■ What the task asks
Print every entry again exactly, with no pictures.
[Start of Attachment]
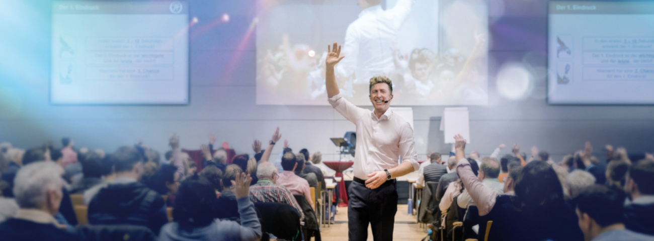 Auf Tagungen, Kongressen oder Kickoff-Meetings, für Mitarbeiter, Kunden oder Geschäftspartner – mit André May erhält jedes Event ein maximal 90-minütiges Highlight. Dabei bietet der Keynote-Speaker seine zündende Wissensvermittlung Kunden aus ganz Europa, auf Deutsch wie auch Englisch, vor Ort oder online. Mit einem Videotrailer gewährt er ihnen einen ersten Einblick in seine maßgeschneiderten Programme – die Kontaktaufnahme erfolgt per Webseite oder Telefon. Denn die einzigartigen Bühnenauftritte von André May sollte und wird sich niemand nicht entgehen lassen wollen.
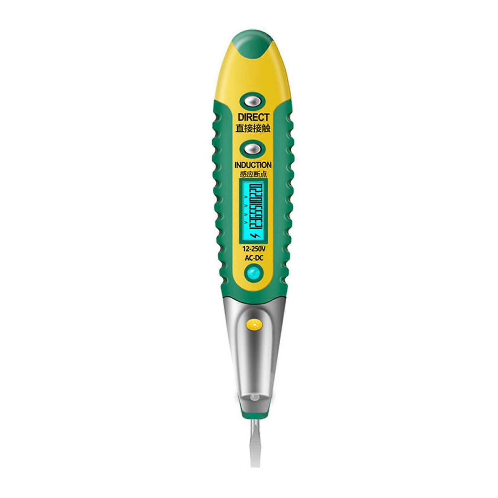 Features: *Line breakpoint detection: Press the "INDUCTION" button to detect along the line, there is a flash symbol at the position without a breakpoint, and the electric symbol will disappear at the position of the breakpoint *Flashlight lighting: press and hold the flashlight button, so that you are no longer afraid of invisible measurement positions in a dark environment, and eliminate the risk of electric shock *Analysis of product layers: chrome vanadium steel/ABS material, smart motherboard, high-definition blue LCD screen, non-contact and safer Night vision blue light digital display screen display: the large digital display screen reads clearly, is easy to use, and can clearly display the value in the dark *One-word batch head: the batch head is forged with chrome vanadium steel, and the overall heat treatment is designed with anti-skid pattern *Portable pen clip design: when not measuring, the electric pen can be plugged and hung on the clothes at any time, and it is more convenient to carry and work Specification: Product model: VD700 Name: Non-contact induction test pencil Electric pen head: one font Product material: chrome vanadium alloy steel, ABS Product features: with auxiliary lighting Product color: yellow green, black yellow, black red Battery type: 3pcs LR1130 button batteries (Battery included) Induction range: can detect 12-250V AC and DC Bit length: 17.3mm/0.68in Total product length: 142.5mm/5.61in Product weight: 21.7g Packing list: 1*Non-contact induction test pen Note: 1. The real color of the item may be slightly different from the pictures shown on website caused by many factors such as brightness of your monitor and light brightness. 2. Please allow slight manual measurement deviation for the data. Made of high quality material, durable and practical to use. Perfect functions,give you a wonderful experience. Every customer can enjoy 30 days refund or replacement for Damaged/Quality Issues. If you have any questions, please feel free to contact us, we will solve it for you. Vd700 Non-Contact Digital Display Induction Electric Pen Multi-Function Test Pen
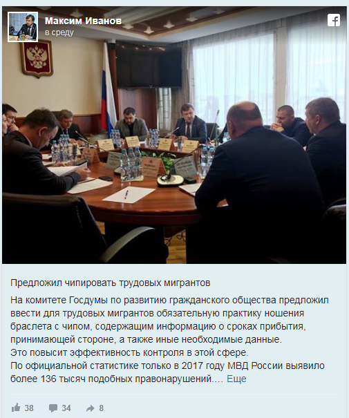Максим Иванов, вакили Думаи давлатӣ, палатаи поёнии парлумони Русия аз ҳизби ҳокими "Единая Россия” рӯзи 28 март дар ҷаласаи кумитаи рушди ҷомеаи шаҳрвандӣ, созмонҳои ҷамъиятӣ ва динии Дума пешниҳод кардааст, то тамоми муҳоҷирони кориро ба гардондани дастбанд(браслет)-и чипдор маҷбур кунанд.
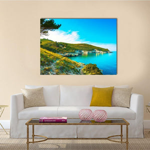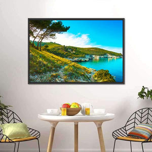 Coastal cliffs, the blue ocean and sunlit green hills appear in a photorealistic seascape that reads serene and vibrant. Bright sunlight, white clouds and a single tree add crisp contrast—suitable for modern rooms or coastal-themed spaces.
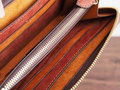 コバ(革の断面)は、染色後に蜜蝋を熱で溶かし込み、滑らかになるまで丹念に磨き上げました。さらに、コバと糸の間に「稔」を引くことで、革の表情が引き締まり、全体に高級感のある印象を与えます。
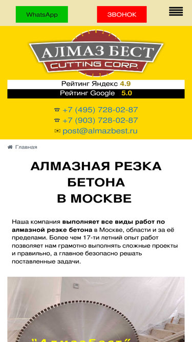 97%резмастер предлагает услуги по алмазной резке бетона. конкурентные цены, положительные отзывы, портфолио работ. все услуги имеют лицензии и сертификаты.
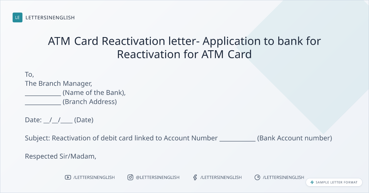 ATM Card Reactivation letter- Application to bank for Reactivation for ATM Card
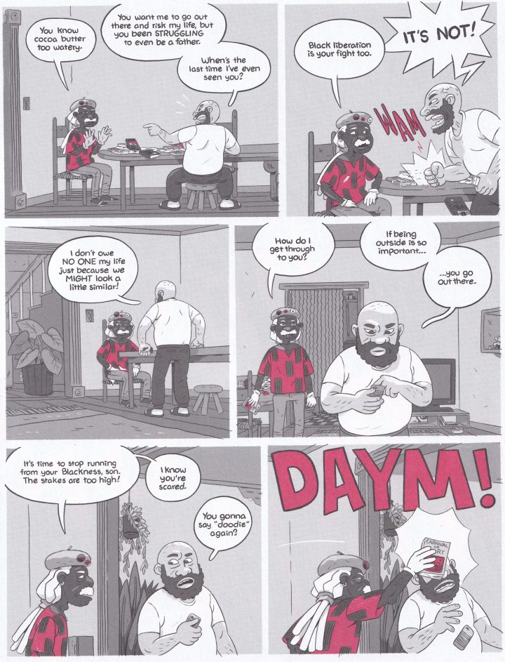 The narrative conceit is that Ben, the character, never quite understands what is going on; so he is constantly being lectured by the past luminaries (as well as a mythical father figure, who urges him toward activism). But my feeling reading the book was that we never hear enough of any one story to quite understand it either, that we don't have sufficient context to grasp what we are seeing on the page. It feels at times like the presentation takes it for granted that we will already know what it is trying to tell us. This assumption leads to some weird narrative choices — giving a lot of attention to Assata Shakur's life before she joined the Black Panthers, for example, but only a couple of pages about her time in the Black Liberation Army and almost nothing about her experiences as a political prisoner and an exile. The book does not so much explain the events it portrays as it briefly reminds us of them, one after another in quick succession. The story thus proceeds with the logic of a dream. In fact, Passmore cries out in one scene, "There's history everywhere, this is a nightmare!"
[End of Attachment]
■ Solution below
 Auf Tagungen, Kongressen oder Kickoff-Meetings, für Mitarbeiter, Kunden oder Geschäftspartner – mit André May erhält jedes Event ein maximal 90-minütiges Highlight. Dabei bietet der Keynote-Speaker seine zündende Wissensvermittlung Kunden aus ganz Europa, auf Deutsch wie auch Englisch, vor Ort oder online. Mit einem Videotrailer gewährt er ihnen einen ersten Einblick in seine maßgeschneiderten Programme – die Kontaktaufnahme erfolgt per Webseite oder Telefon. Denn die einzigartigen Bühnenauftritte von André May sollte und wird sich niemand nicht entgehen lassen wollen.
 Features: *Line breakpoint detection: Press the "INDUCTION" button to detect along the line, there is a flash symbol at the position without a breakpoint, and the electric symbol will disappear at the position of the breakpoint *Flashlight lighting: press and hold the flashlight button, so that you are no longer afraid of invisible measurement positions in a dark environment, and eliminate the risk of electric shock *Analysis of product layers: chrome vanadium steel/ABS material, smart motherboard, high-definition blue LCD screen, non-contact and safer Night vision blue light digital display screen display: the large digital display screen reads clearly, is easy to use, and can clearly display the value in the dark *One-word batch head: the batch head is forged with chrome vanadium steel, and the overall heat treatment is designed with anti-skid pattern *Portable pen clip design: when not measuring, the electric pen can be plugged and hung on the clothes at any time, and it is more convenient to carry and work Specification: Product model: VD700 Name: Non-contact induction test pencil Electric pen head: one font Product material: chrome vanadium alloy steel, ABS Product features: with auxiliary lighting Product color: yellow green, black yellow, black red Battery type: 3pcs LR1130 button batteries (Battery included) Induction range: can detect 12-250V AC and DC Bit length: 17.3mm/0.68in Total product length: 142.5mm/5.61in Product weight: 21.7g Packing list: 1*Non-contact induction test pen Note: 1. The real color of the item may be slightly different from the pictures shown on website caused by many factors such as brightness of your monitor and light brightness. 2. Please allow slight manual measurement deviation for the data. Made of high quality material, durable and practical to use. Perfect functions,give you a wonderful experience. Every customer can enjoy 30 days refund or replacement for Damaged/Quality Issues. If you have any questions, please feel free to contact us, we will solve it for you. Vd700 Non-Contact Digital Display Induction Electric Pen Multi-Function Test Pen
Максим Иванов, вакили Думаи давлатӣ, палатаи поёнии парлумони Русия аз ҳизби ҳокими "Единая Россия” рӯзи 28 март дар ҷаласаи кумитаи рушди ҷомеаи шаҳрвандӣ, созмонҳои ҷамъиятӣ ва динии Дума пешниҳод кардааст, то тамоми муҳоҷирони кориро ба гардондани дастбанд(браслет)-и чипдор маҷбур кунанд.
 Coastal cliffs, the blue ocean and sunlit green hills appear in a photorealistic seascape that reads serene and vibrant. Bright sunlight, white clouds and a single tree add crisp contrast—suitable for modern rooms or coastal-themed spaces.
 コバ(革の断面)は、染色後に蜜蝋を熱で溶かし込み、滑らかになるまで丹念に磨き上げました。さらに、コバと糸の間に「稔」を引くことで、革の表情が引き締まり、全体に高級感のある印象を与えます。
 97%резмастер предлагает услуги по алмазной резке бетона. конкурентные цены, положительные отзывы, портфолио работ. все услуги имеют лицензии и сертификаты.
 ATM Card Reactivation letter- Application to bank for Reactivation for ATM Card
 The narrative conceit is that Ben, the character, never quite understands what is going on; so he is constantly being lectured by the past luminaries (as well as a mythical father figure, who urges him toward activism). But my feeling reading the book was that we never hear enough of any one story to quite understand it either, that we don't have sufficient context to grasp what we are seeing on the page. It feels at times like the presentation takes it for granted that we will already know what it is trying to tell us. This assumption leads to some weird narrative choices — giving a lot of attention to Assata Shakur's life before she joined the Black Panthers, for example, but only a couple of pages about her time in the Black Liberation Army and almost nothing about her experiences as a political prisoner and an exile. The book does not so much explain the events it portrays as it briefly reminds us of them, one after another in quick succession. The story thus proceeds with the logic of a dream. In fact, Passmore cries out in one scene, "There's history everywhere, this is a nightmare!"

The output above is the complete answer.